By Virginia Hughes | August 2, 2012 | 11 Comments
On April 17, 1997, Bill and Hillary Clinton organized a one-day meeting with a long and lofty title: The White House Conference on Early Childhood Development and Learning: What New Research on the Brain Tells Us About Our Youngest Children.
The meeting featured eight-minute presentations from experts in public policy, education and child development, and one neuroscientist. They discussed, among other things, how 6-month-old infants learn to discriminate the sounds of their native language, and how, if a kitten’s eye is patched during early development — and therefore deprived of light inputs — it will go permanently blind in that eye, even after the patch comes off. The First Lady gave the gist of the meeting in her opening remarks: The first three years of life, she reportedly said, “can determine whether children will grow up to be peaceful or violent citizens, focused or undisciplined workers, attentive or detached parents themselves.”
Behind the hyperbole of that statement is an important idea based in solid science. The first few years of life are a “critical period” for brain development, during which experiences — strong parental attachments, exposure to written and spoken language, social interactions — sculpt brain circuits in a way that’s difficult to un-sculpt. When a developing brain isn’t adequately stimulated, as often happens to children living in poverty, for example, or in the foster care system, this deprivation can lead to problems in cognition, attention and social behaviors.
The conference spurred a media frenzy. “Suddenly, every magazine and newspaper is saying, ‘Oh my god, life ends at the age of 3 when the critical period ends’,” recalls Charles Nelson, a developmental neuroscientist at Harvard. You might think that all the attention on critical periods would have led to more research on disadvantaged children. To some extent, it did (more on that later), but the vast majority of the public discussion went toward the other end of the socioeconomic spectrum.
America’s new obsession with the critical period launched a cottage industry of educational materials — such as the well-known Baby Einstein/Baby Mozart brand — which were endorsed and distributed by several nonprofits and state governments. The governor of Georgia, Zell Miller, even convinced hospitals to give out classical music cassette tapes to all new parents with instructions to play for their newborn. All of it was based on an untested premise: If depriving a baby during the critical period leads to terrible psychological outcomes, then giving her extra stimulation (or “enriched environments”) should lead to a super-duper brain.

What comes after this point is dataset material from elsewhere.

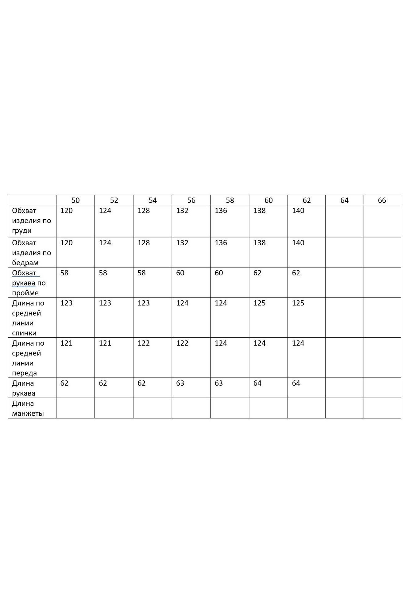 Таблица размеров

There was (and still is) little science to back this up, and Nelson and other researchers did the best they could to clear up misconceptions. A few years ago, after a study came out showing that children who watch Baby Einstein videos actually do worse at learning words, the company stopped claiming its materials have educational benefits*. Yet many parents are still being told that enriched environments — whether colorful mobiles, “sensorial materials,” car seat galleries, or horseback riding lessons — spur early brain development.
That well-intentioned parents may be wasting money on a lot of shiny toys doesn’t exactly keep me awake at night. What’s disappointing is that the enrichment meme seems to have overshadowed the real lesson of the research on critical periods: that poverty and child neglect often have devastating and long-lasting effects on the brain.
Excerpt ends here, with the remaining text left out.